Accuracy of clinicians and models for estimating the probability that a pulmonary nodule is malignant.
RATIONALE: Management of pulmonary nodules depends critically on the probability of malignancy. Models to estimate probability have been developed and validated, but most clinicians rely on judgment. OBJECTIVES: The aim of this study was to compare the accuracy of clinical judgment with that of two prediction models. METHODS: Physician participants reviewed up to five clinical vignettes, selected at random from a larger pool of 35 vignettes, all based on actual patients with lung nodules of known final diagnosis. Vignettes included clinical information and a representative slice from computed tomography. Clinicians estimated the probability of malignancy for each vignette. To examine agreement with models, we calculated intraclass correlation coefficients (ICC) and kappa statistics. To examine accuracy, we compared areas under the receiver operator characteristic curve (AUC).
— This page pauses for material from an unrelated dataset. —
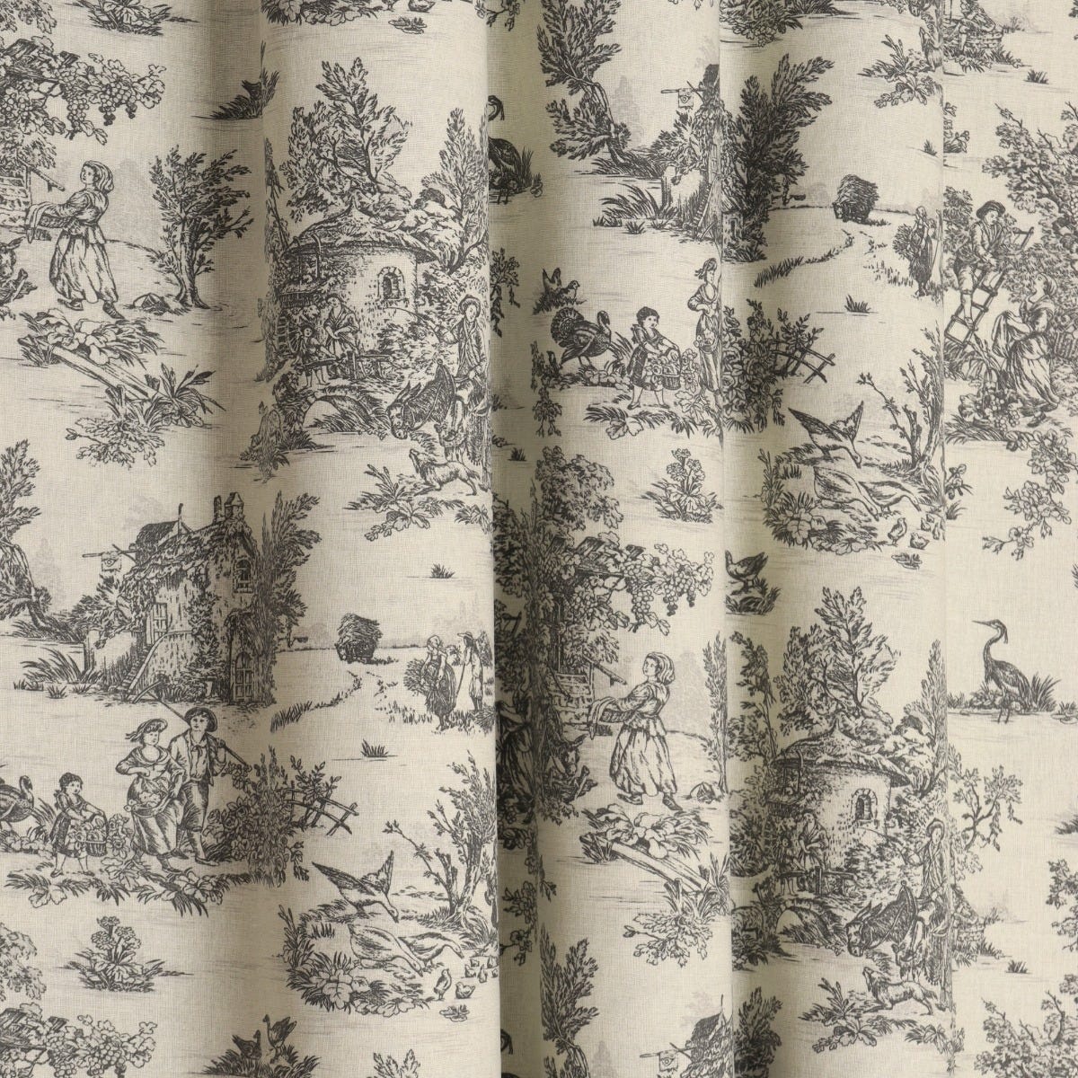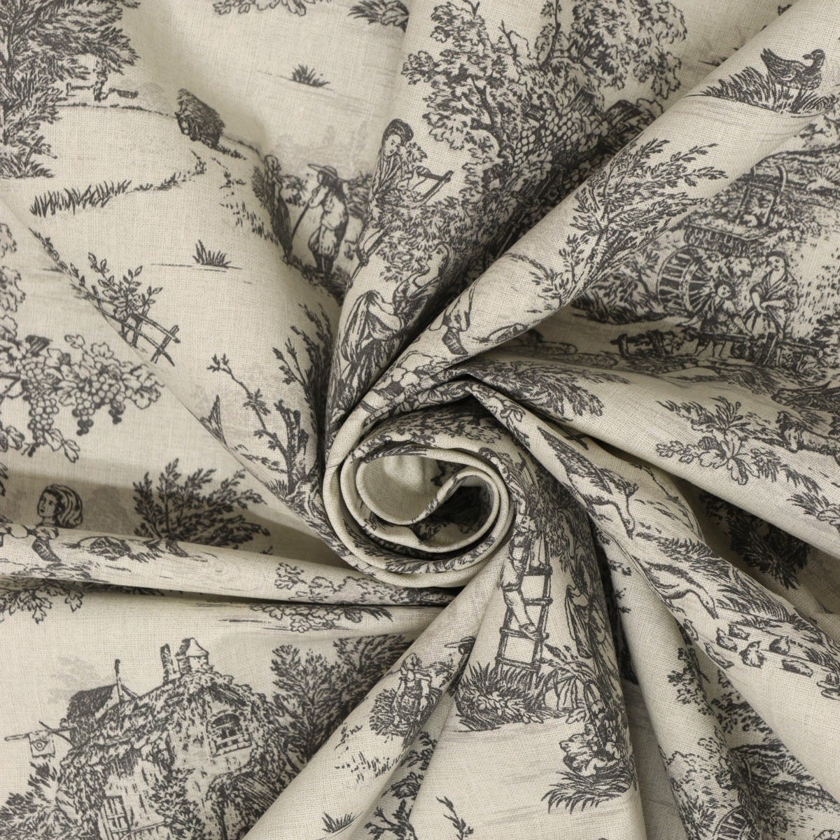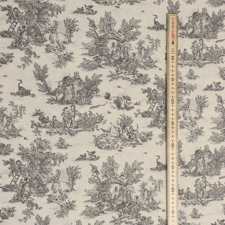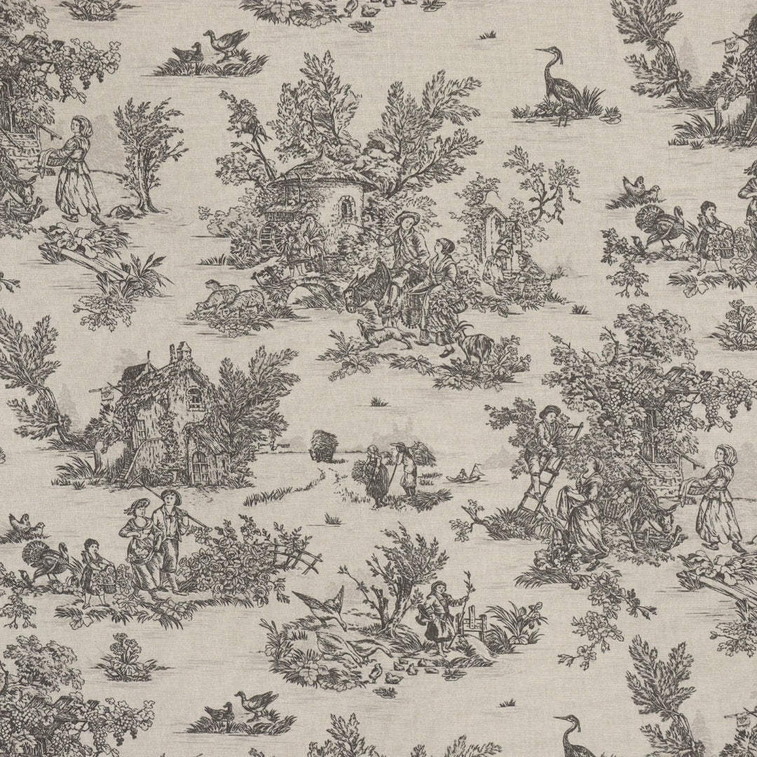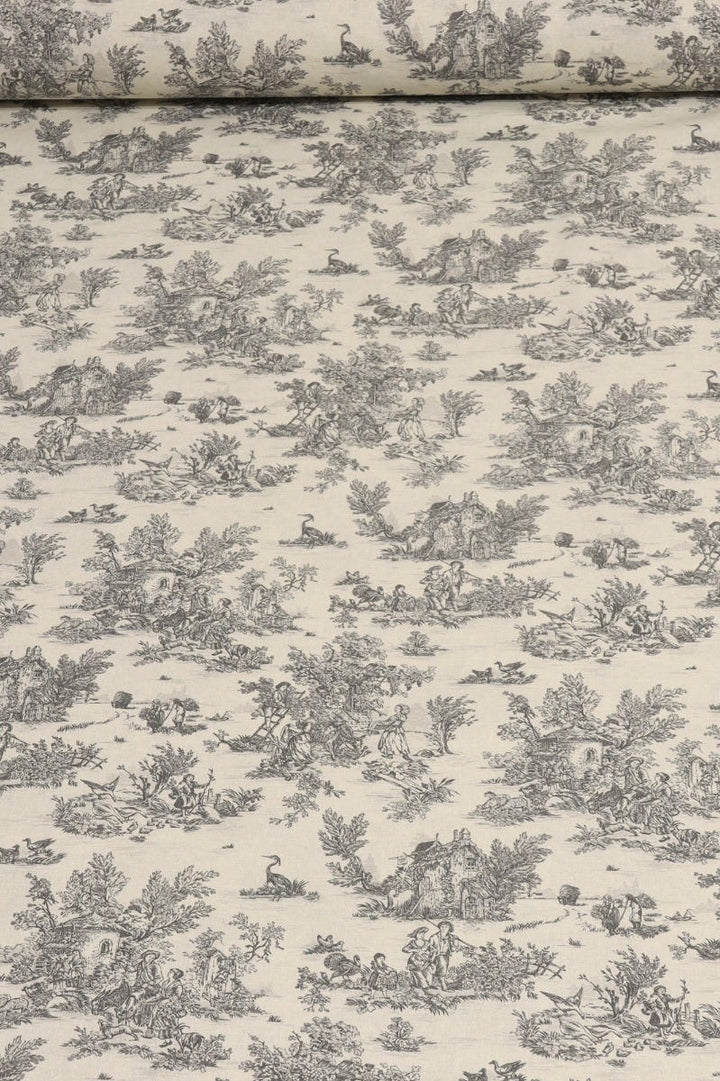Mini French Toile De Jouy Charcoal 160cm Fabric
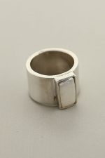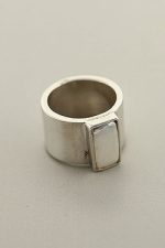 A pleasure for each and every day with Israeli handcrafted sterling silver wide band that sets in a rectangle white pearl. A ring-band style for everyone daily wear.

MEASUREMENTS AND MAIN RESULTS: Thirty-six participants completed 179 vignettes, 47% of which described patients with malignant nodules. Agreement between participants and models was fair for the Mayo Clinic model (ICC, 0.37; 95% confidence interval [CI], 0.23-0.50) and moderate for the Veterans Affairs model (ICC, 0.46; 95% CI, 0.34-0.57). There was no difference in accuracy between participants (AUC, 0.70; 95% CI, 0.62-0.77) and the Mayo Clinic model (AUC, 0.71; 95% CI, 0.62-0.80; P = 0.90) or the Veterans Affairs model (AUC, 0.72; 95% CI, 0.64-0.80; P = 0.54). CONCLUSIONS: In this vignette-based study, clinical judgment and models appeared to have similar accuracy for lung nodule characterization, but agreement between judgment and the models was modest, suggesting that qualitative and quantitative approaches may provide complementary information.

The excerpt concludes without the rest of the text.